A. cried when he went to childcare again today, even though dh took him in while I hid in the car.

when I picked him up, he was sitting in a corner playing alone. he cried just a bit when he saw me. one of the staff told me he laughed when they were doing puzzles today - a bit of a surprise to me as he laughs at home all the time, but apparently not at care. so maybe he isn't as happy there as I thought.

I picked him up as soon as I could after an afternoon rest - I could have done more work, or read, but I wanted a bit of baby time. and then I felt guilty for treating "baby time" as an option beside those other things.

anyway, tonight, sick or not, I'm going to the movies with some girlfriends. you have to make the effort sometimes.

 
feeling sorry for myself post: stomach cramps, headache and general unwellness, but still I dragged myself in for my first appt with the radiation oncologist. luckily I asked dh to come with me at the last minute. because the whole thing was a bit of a lose.

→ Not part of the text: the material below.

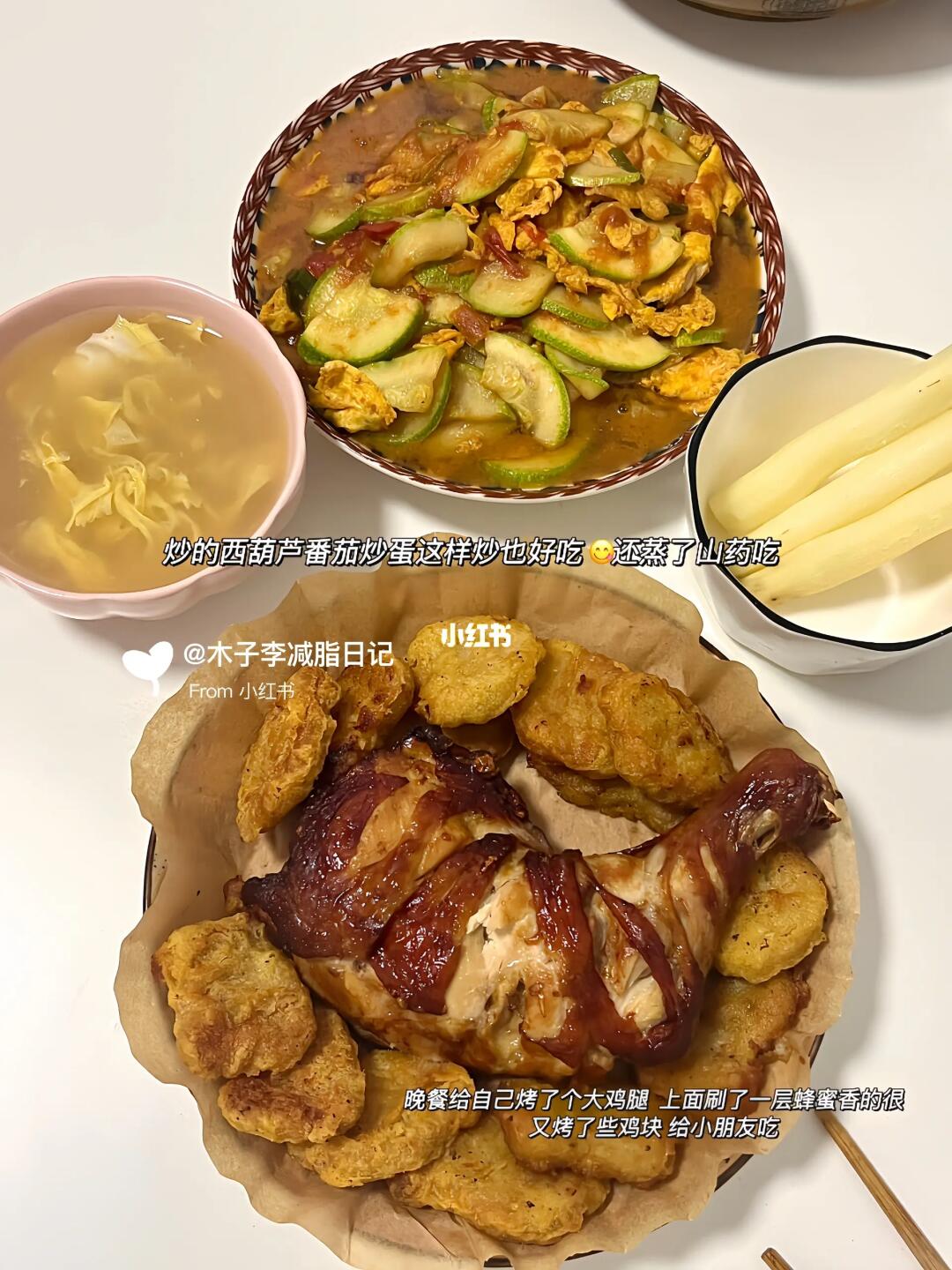 原体重:120斤 已↓31斤 现重:89斤 - 🥣早餐:香蕉法式吐司 拿铁 🥣午餐:荞麦面 白开水 🥣晚餐:烤鸡腿 西葫芦番茄🍅炒鸡蛋 蒸山药 、 💧喝水2000ml 🏋️运动:🈚 - 法式吐司好好吃 明天还要吃 晚上烤的大鸡腿也很nice

they want to irradiate my neck as well as chest wall. this means visible burning, blistering etc and probably redness later in life. I had hoped it would be confined to an area that I can hide. the lymph glands in my neck can't be operated on, and are just as likely as the ones they took out to have cancer in them - I hadn't really realised that. that means they are really quite likely to be - infected? I guess that's not the word? - and all this will only give me a 2-3 % greater chance of survival overall, though greatly reducing the chance of a local recurrence. in other words, the real risk is in the rest of my body. and the chemo has been delayed and downgraded due to my white blood cells. and the fact that I have no new lumps means nada while I'm in chemo. the waiting period starts after chemo. and of course he referred to me having hopefully five years of Tamoxifen, which is the real bar to another baby.

most of all, I find it hard to go through the blow-by-blow of lump size, nodes, surgery and yet another examination of my scar. it all just brings to the fore something I'd rather push aside.

oh, and NO SWIMMING for the whole period of radio plus a few weeks, unless I can get down to the saltwater pool at St Kilda. that really sucks. and reconstruction? not for a YEAR, he says. I had my heart set on doing it before I was 40 (39 tomorrow). and of course various small risks associated with radio - bone thinning, new cancers, 5% of my lung function will be gone forever. it seems like a lot of trouble for a small benefit, but I guess I'll do it - I couldn't live with myself if I didn't and we got a local recurrence.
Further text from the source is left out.